3. What have you learned in this class which will be useful in other classes or in your life after
school?

4. What grade do you deserve? Use the language of the Shared Criteria (Focus,
Development/Support, Organization, Style, Mechanics) to prove your point.
5. What did you learn about the topics of the papers? How did you learn it? How did this insight
teach you about the connection between writing and knowledge? Life? Perceptions?

6. What did you learn about writing and/or the writing process as you wrote your papers? How
did you learn this?
7. What are the strengths of your essays? Weaknesses? How have these changed over the course
of the quarter?

8. What could still be improved? Be specific – explain how it could be improved and what this
says about you as a writer.

9. What specific anecdotes or descriptions could help illustrate how you felt as a writer before
this course? After?

10. What is particularly significant about your experience?

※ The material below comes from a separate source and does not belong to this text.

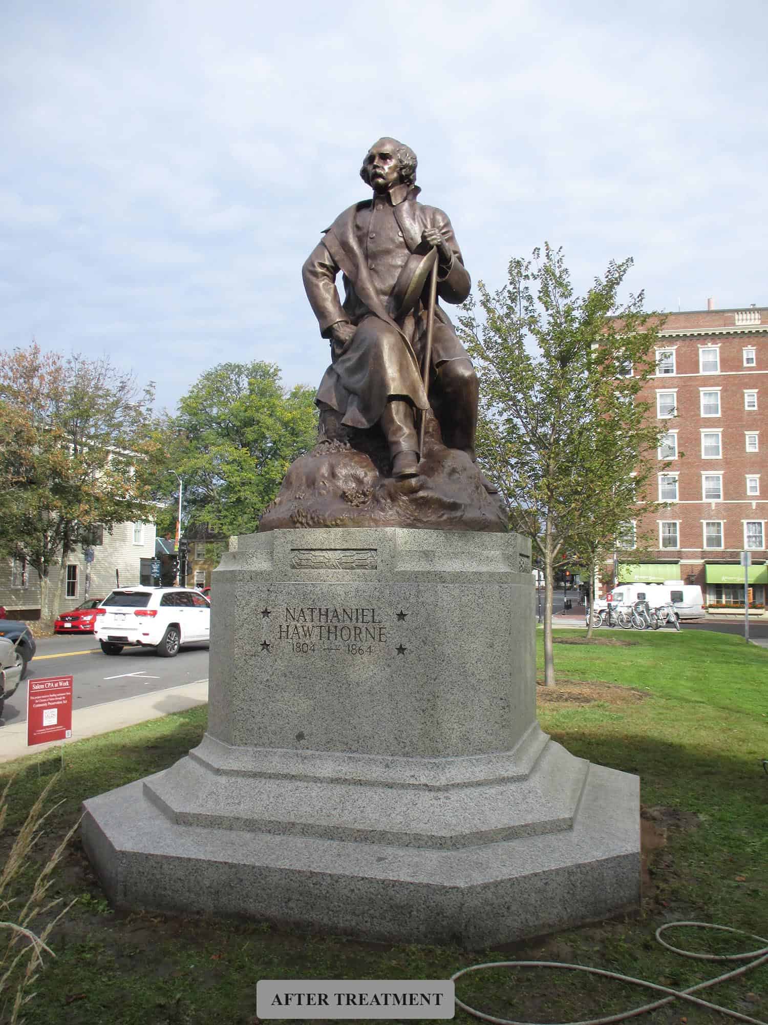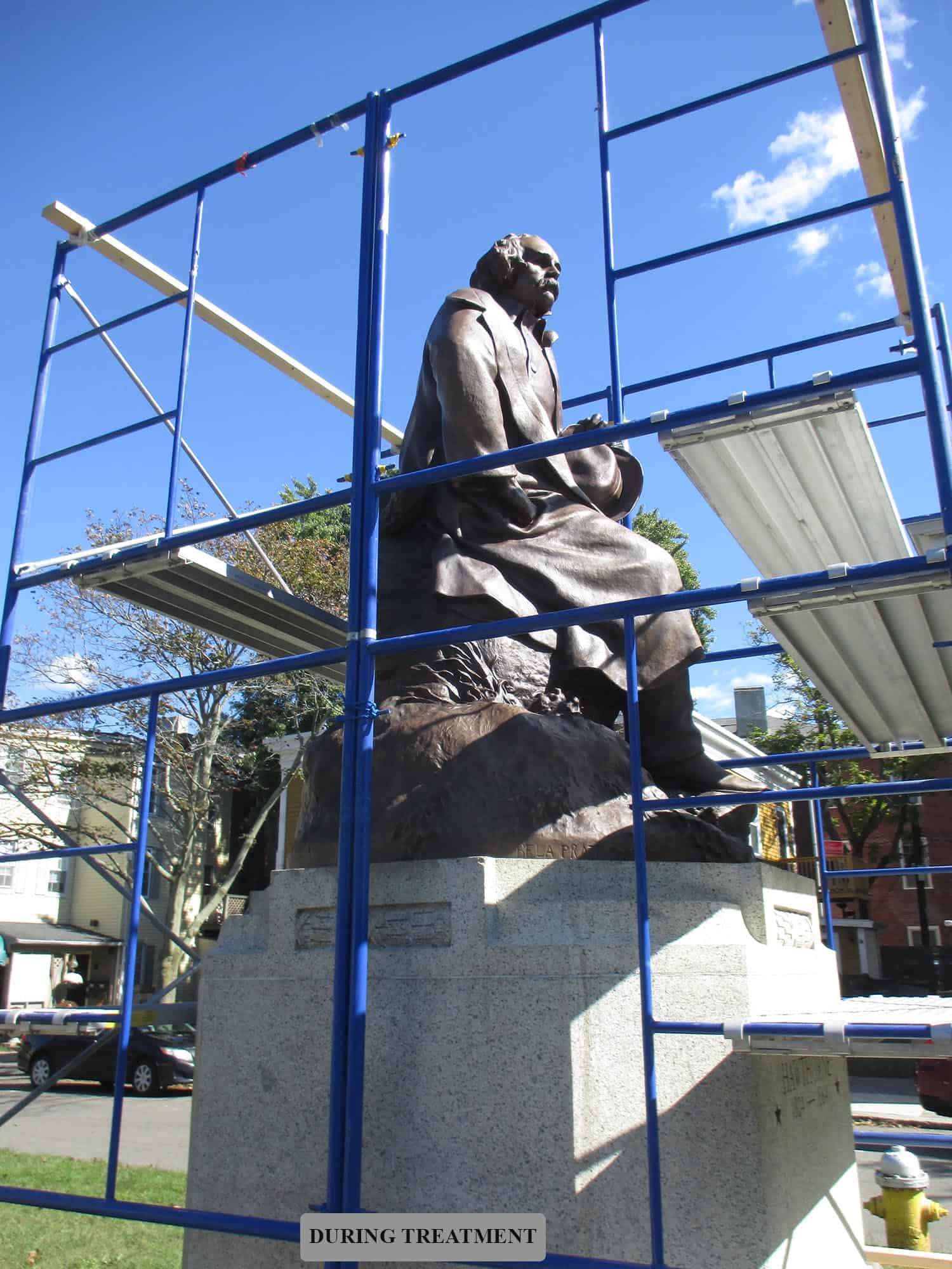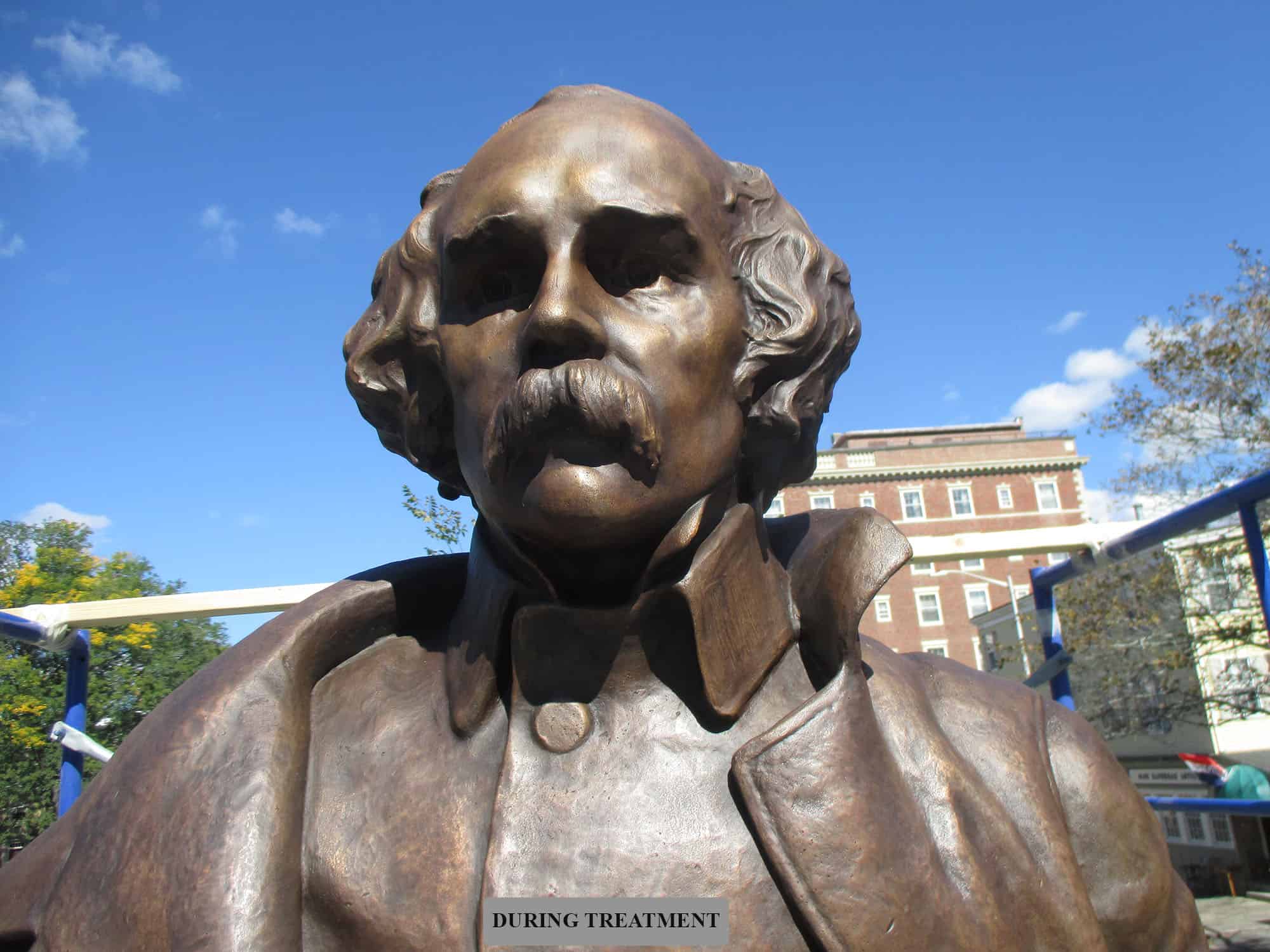 Located on Hawthorne Boulevard, the monument consists of a 9-foot-high bronze sculpture of the famed writer sitting on a rock atop a large granite base. The treatment completed in 2017 included cleaning the granite base, repointing the joints of the granite, cleaning the bronze, renewing the bronze’s patina, and applying protective coatings of incralac and wax to the bronze.

Remember, these questions are intended to help you generate ideas. Do not organize your essay
in this order.

Format:
The final copy of this essay should be between 800 - 1200 words, in 12 point Times new Roman
Font, double spaced, with 1 inch margins. This should be the first essay in your portfolio, which
will be arranged as follows:
Section 1:
Reflective Essay
Section 2:
Graded Version of Paper A
Revised Version of Paper A
Section 3:
Graded Version of Paper B
Revised Version of Paper B
Section 4:
Graded Versions of Papers C and D (the ones you didn’t revise)
Section 5:
Journal entries

The form of this essay is open to creative interpretation, within limits. No spontaneous prose,
poetry, or lyrical kung-fu. This should be a well developed, organized essay (as always).

Due Date:
Initial draft of paper 5 due: Monday, December 1
Draft 2 of paper 5 due: Monday, December 8

All work is due on Monday, December 10th between 6:30 and 7 a.m. NO LATE PAPERS
WILL BE ACCEPTED. Print it out early.